Hi everybody!
I have been working for less than a month with Stan and Bayesian workflow in general, I apologize if I am asking something absurd or if my model is ill-posed. I am trying to build a model to infer the grades s that a teacher would give to S different students.

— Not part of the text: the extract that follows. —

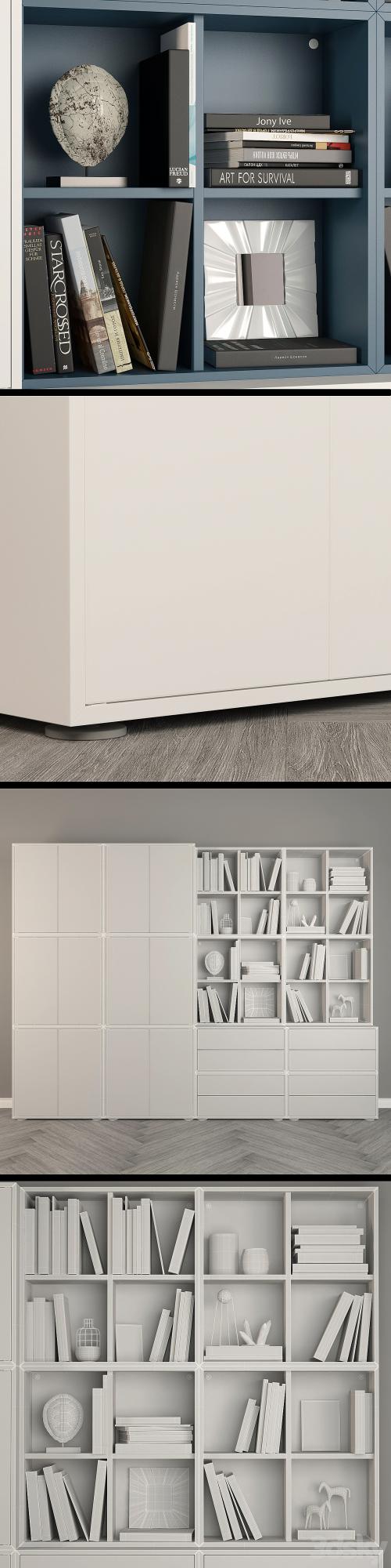 The combination of cabinets with adjustable legs in white / dark blue color (for the convenience of combining in the scene there are also cabinets in the colors light orange, orange, blue, light gray, dark gray, white).

Some of these grades s are known and some are not (a.k.a partially known parameters).
I attach a figure of the model as a graph together with the code I have so far.
The equations of my model are as follows:
s_{j} - z_{j}^{i} \sim N(\mu_{\varepsilon i}, \sigma_{\varepsilon i}) \forall j
b_{i} \sim N(\mu_{\varepsilon i}, \sigma_{\varepsilon i})
\beta_{k} variables are sampled from a mixture of gaussians, where the mixing probabilities are the inverse absolute value of b_{i} (after being normalized):
\beta_{k} \sim \sum_{i} \frac{1}{|\tilde{b}_{i}|} N(\mu_{ik} + \mu_{\varepsilon i}, \sigma_{ik})
Where \tilde{b}_{i} = \frac{b_{i}}{\sum_{k \in \{ik\}}b_{k}}, \{ik\} being all the pairs of subindices for data variables \mu_{ik} and \sigma_{ik}
The variables that I input as data are:
- z_{j}^{i}
- some s_{j}
- \mu_{i k}
- \sigma_{i k}
Finally, the correspondence of the names of the variables in my code and the variables above is:
-
z_{j}^{i} :
z[]
-
s_{j} :
s[]
-
\mu_{ik} :
mu_data[]
-
\sigma_{ik} :
sigma_data[]
-
\mu_{\varepsilon i} :
mu[]
-
\sigma_{\varepsilon i } :
sigma[]
-
b_{i} :
b[]
-
\beta_{k} :
beta[]
I am aware that my code is not clean, and I wonder if improving it would boost the sampler. Right now it shows the message ‘Gradient evaluation took 0.000277 seconds
1000 transitions using 10 leapfrog steps per transition would take 2.77 seconds.
Adjust your expectations accordingly!’. As a side note, the only optimizer that won’t run into
a runtime error is Newton.
Could someone please share a hint on how to better code my model?
I really appreciate any help you can provide.
data{
int<lower=1> N; // number of z
int<lower=0> N_pairs; // number of observations of mu_data and sigma_data
int<lower=0> Ns_miss; // number of missing s
int<lower=0> Ns_obs; // number of observed s
int ii_obs_p[Ns_obs]; // location of observed s
int ii_miss_p[Ns_miss]; // location of non-observed s
int<lower=1> g1_mu[N_pairs]; // first subindex of mu_data and sigma_data
int<lower=1> g2_mu[N_pairs]; // second subindex of mu_data and sigma_data
int<lower=1> uu[N]; // index for gradee of each observed grade
int<lower=1> vv[N]; // index for grader of each observed grade
real<lower=0> z[N]; // z
real<lower=0> s_obs[Ns_obs]; // observed s
real<lower=-10,upper=10> mu_data[N_pairs];
real<lower=0> sigma_data[N_pairs];
}
transformed data{
int<lower=1> S = Ns_miss + Ns_obs;
}
parameters{
real s_miss_p[Ns_miss];
real b[S];
real beta[S];
real mu[S]; //
real<lower=0> sigma[S];
}
transformed parameters{
vector[S] norm_constant = rep_vector(0, S); // normalize b
real s[S];
if (Ns_obs > 0)
s[ii_obs_p] = s_obs;
s[ii_miss_p] = s_miss_p;
for (m in 1:N_pairs){
int i = g1_mu[m];
int k = g2_mu[m];
norm_constant[k] += fabs(b[i]);
}
}
model {
matrix[S,S] contributions;
real log_sum = 0.0;
mu ~ normal(0, 1.);
sigma ~ inv_gamma(.01, .01);
for (n in 1:N){
int i = vv[n];
int j = uu[n];
target += normal_lpdf(s[j] - z[n]| mu[i], sigma[i]);
}
b ~ normal(mu, sigma);
for (n in 1:N_pairs){
int k = g2_mu[n];
int i = g1_mu[n];
if (fabs(b[i]) != 0.0)
contributions[k] += log( norm_constant[k] / fabs(b[i])) + normal_lpdf(beta[k] | mu_data[n] + mu[i], sigma_data[n]);
}
target += log_sum_exp(contributions);
}
}